Il est grand temps que les gouvernements prennent au sérieux l’urgence climatique. Il est encore possible de limiter la hausse de la température du globe à 2°C, à condition que toutes les nations – et notamment la France -‐ l’exigent et s’engagent dès 2014. L’UE doit impérativement créer une alliance avec les plus vulnérables qui lui donne la force et la légitimité de resserrer l’étau diplomatique autour des Etats-‐Unis et de la Chine et de les obliger à aller plus loin en terme d’engagements et de contrainte. L’UE peut notamment s’illustrer là où la Chine et les US ne le font pas en défendant les questions de financements et d’adaptation, chères aux pays les plus pauvres et les plus vulnérables. Elle peut également piloter les négociations sur les initiatives pre-‐2020 qui constituent le socle de toute action après 2020, à condition d’aller plus loin elle même. En tant que pays membre de l’Union Européenne, pays bailleur et future présidence, la France a un rôle important à jouer.
Les enjeux à Bonn en juin 2014 Obtenir des engagements ministériels pour renforcer l’action 2014-‐2020 Les rencontres ministérielles sont prévues depuis la COP19 et ont pour objet/objectif de renforcer l’action et les engagements entre 2014 et 2020. La ministérielle du 5 juin concernera uniquement les parties au Protocole de Kyoto. La ministérielle du 6 juin concerne en revanche l’ensemble des parties puisqu’il s’agit d’étudier des options pour rehausser l’ambition nord et sud sous la plateforme de Durban. Malheureusement, tous les ministres ne seront pas présents, y compris les ministres français, faute d’ambition politique et les ministérielles pourraient se transformer en exercice de style. Surtout que les maigres annonces des Etats seront gardées en réserve pour le sommet de Ban Ki Moon. Dans le cadre de la ministérielle Kyoto, l’UE n’est pas prête à acter juridiquement un rehaussement de son objectif de baisse d’émissions pour 2020. L’UE prévoit simplement d’annoncer le dépassement probable de son objectif actuel pour 2020. La ministérielle sur l’ADP pourrait se retrouver prise en otage par la question des financements si aucune proposition concrète et rassurante n’est sur la table en ce qui concerne les efforts des Etats et la capitalisation du Fonds Vert. Pour les ONG, les ministérielles représentent un point de passage important pour préparer le sommet de Ban Ki Moon et recréer de la confiance entre les pays. Elles doivent : • Réaffirmer les conclusions du GIEC sur le budget carbone et ce que cela signifie pour
l’extraction des ressources fossiles. • Donner un mandat précis à la COP sur comment appuyer et renforcer les initiatives en
matière d’efficacité énergétique, énergies renouvelables, villes durables déjà identifiées. • Permettre aux pays développés de réaffirmer/accroître leurs engagements financiers
publics, a minima pour 2014-‐2015, et. Notamment la France qui n’avait rien annoncé ou engagé à la ministérielle sur les financements de la COP19.

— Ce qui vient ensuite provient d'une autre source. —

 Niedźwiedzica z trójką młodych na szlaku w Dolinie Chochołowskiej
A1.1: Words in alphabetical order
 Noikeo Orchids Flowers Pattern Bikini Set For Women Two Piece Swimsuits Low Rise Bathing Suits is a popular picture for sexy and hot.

• Réaffirmer l’engagement de capitaliser le Fonds Vert en 2014 et aller plus loin : en précisant une fourchette de financements pour la capitalisation et une date.

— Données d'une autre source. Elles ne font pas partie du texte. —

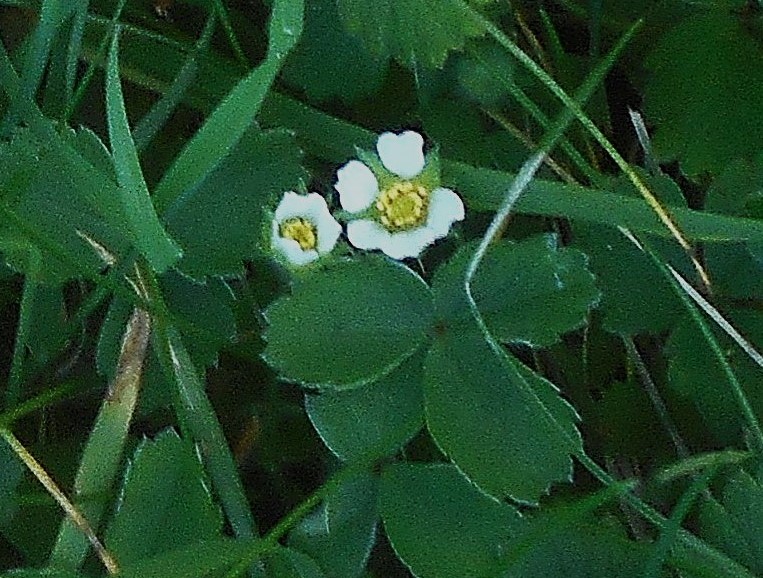 New plants beginning to shoot showing green leaves above the ground rose leaves bigger, more honeysuckle leaves.

Nous attendons de l’UE • Dans le cadre de la ministérielle Kyoto et de la ministérielle ADP sur l’ambition pré-‐2020,
l’UE et ses Etats membres ne peuvent se limiter à rappeler qu’ils dépasseront collectivement l’objectif fixé en 2008 de réduire les émissions de 20% d’ici à 2020. Cet objectif est quasiment atteint, sept ans en avance. Ce ne sera une nouvelle pour aucun pays puisque la Commission avait déjà fait une estimation dans le cadre de sa Feuille de route vers une économie bas carbone en 2050 (2011). Une partie importante des réductions d’émissions réalisées au sein de l’UE ne sont pas structurelles, mais liées aux mécanismes internationaux de compensation et à la crise économique. Ainsi, pendant ces tables-‐rondes ministérielles, l’Europe doit affirmer sa volonté d’aller plus loin encore à travers de nouvelles politiques et mesures applicables avant 2020, qu’elles soient européennes ou nationales.

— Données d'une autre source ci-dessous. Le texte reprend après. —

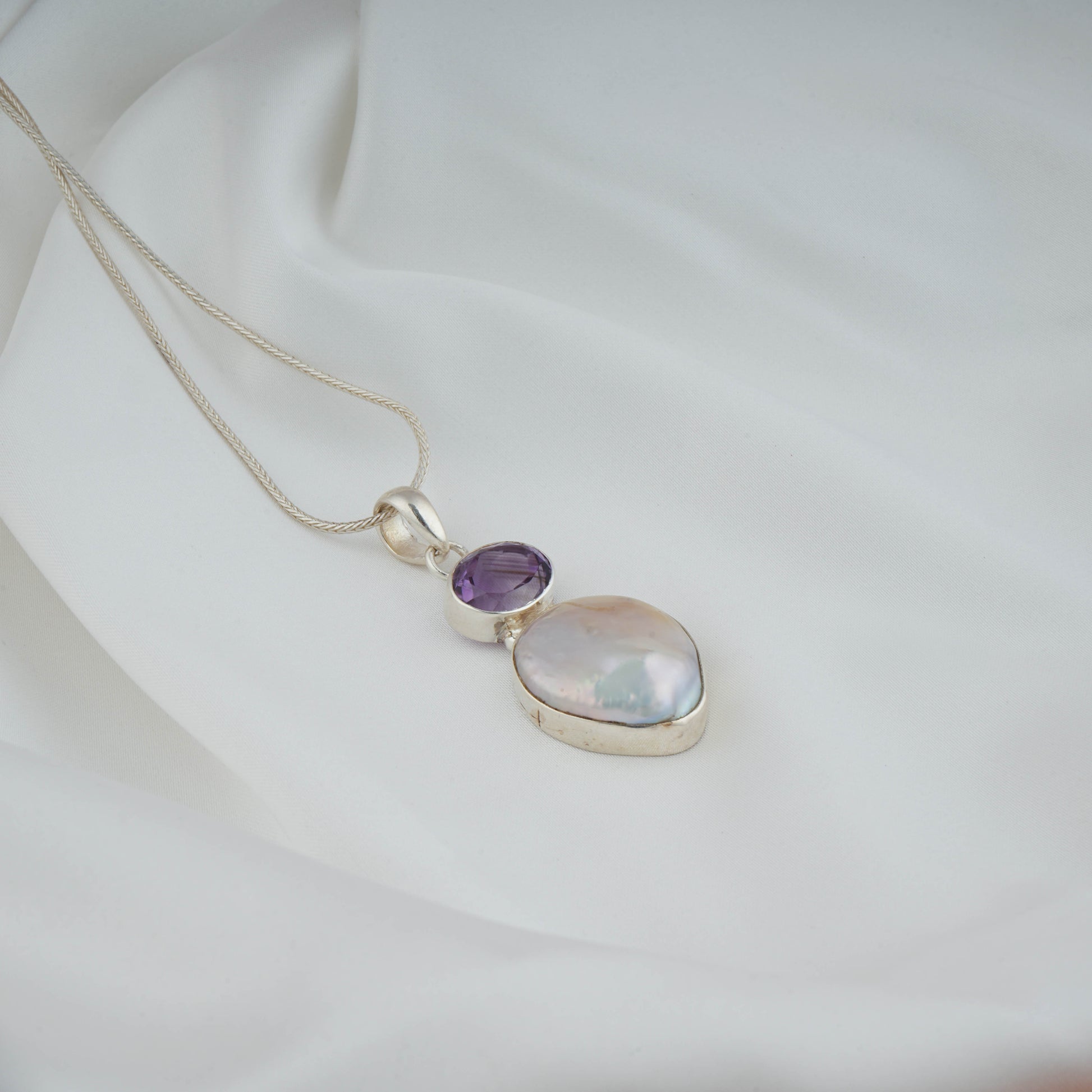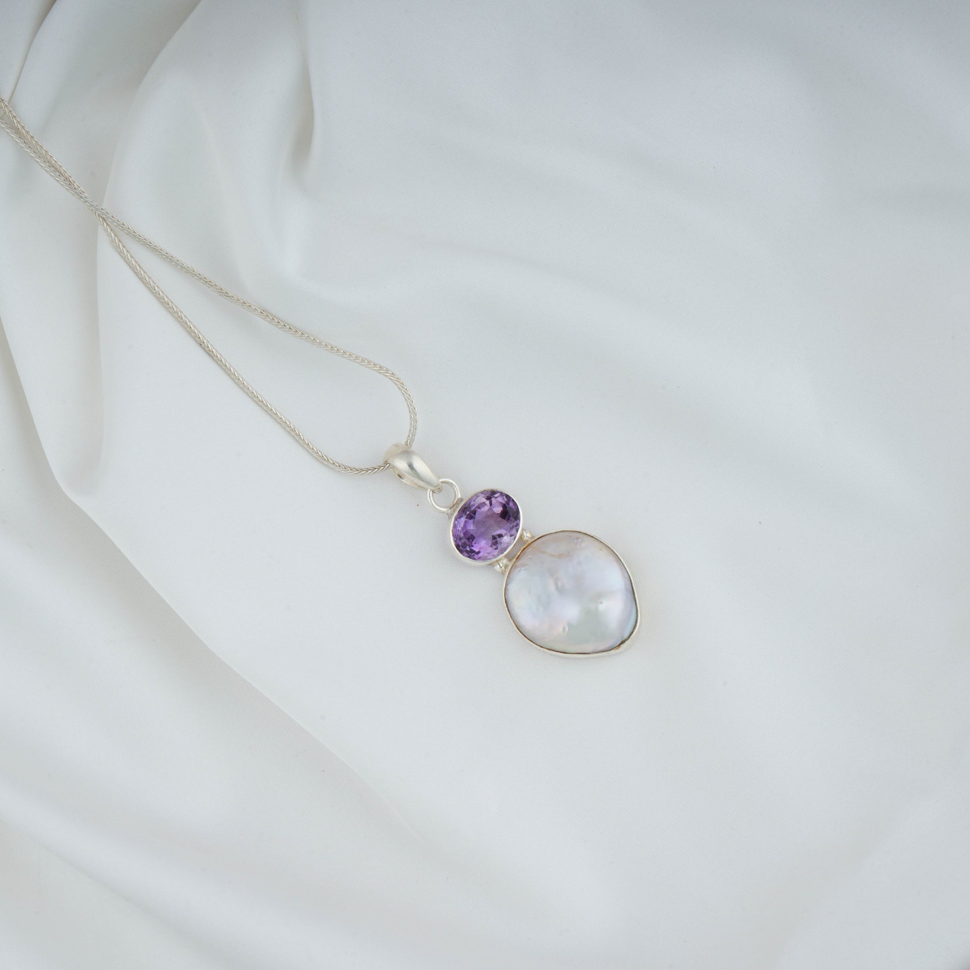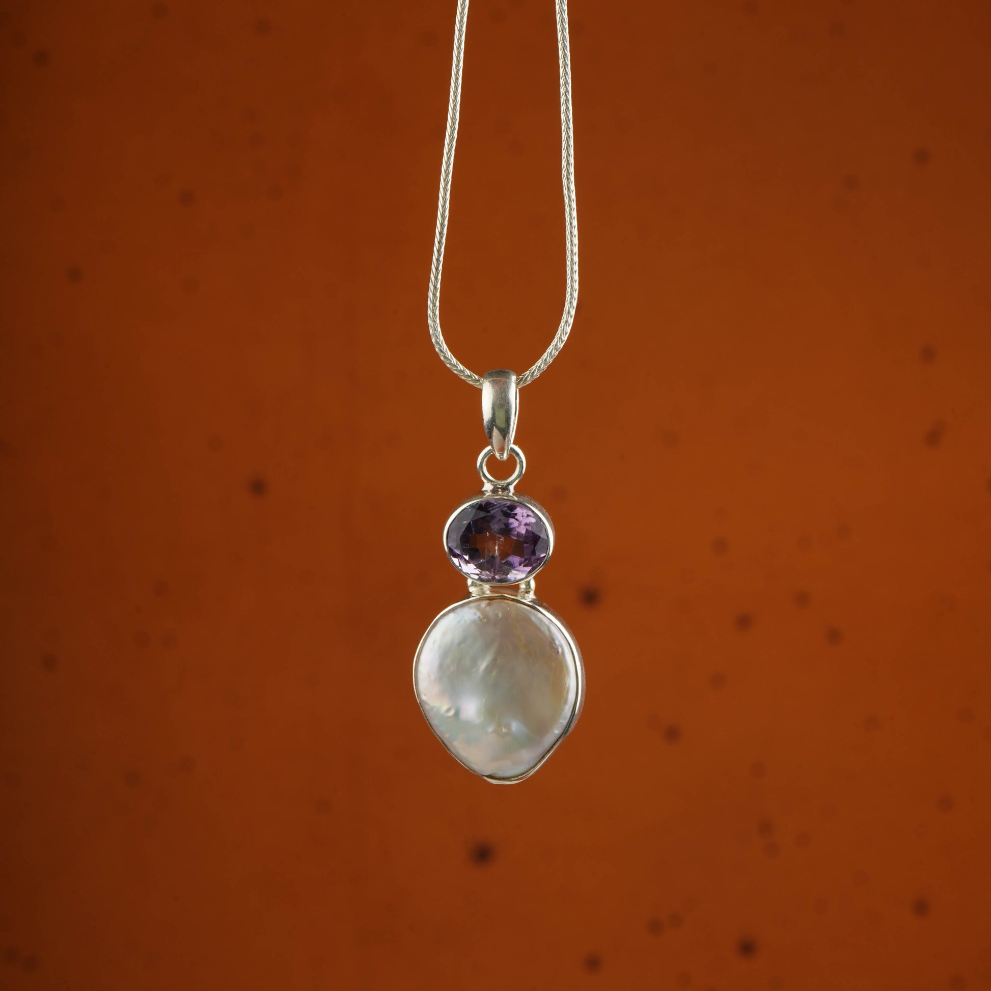 Material: 92.5 silver, Freshwater Baroque Pearl, Amethyst Stone

• Lors de la ministérielle sous l’ADP, l’UE doit réaffirmer son engagement à se doter d’ici octobre 2014 d’un cadre climat-‐énergie domestique ambitieux à l’horizon 2030. L’UE doit expliquer que ce cadre reposera sur une ambition en matière de réduction d’émissions et une ambition en matière de développement des énergies renouvelables et d’amélioration de l’efficacité énergétique, ainsi qu’un partage de l’effort, un système de gouvernance efficace, et des dispositifs d’investissements publics dans la transition énergétique.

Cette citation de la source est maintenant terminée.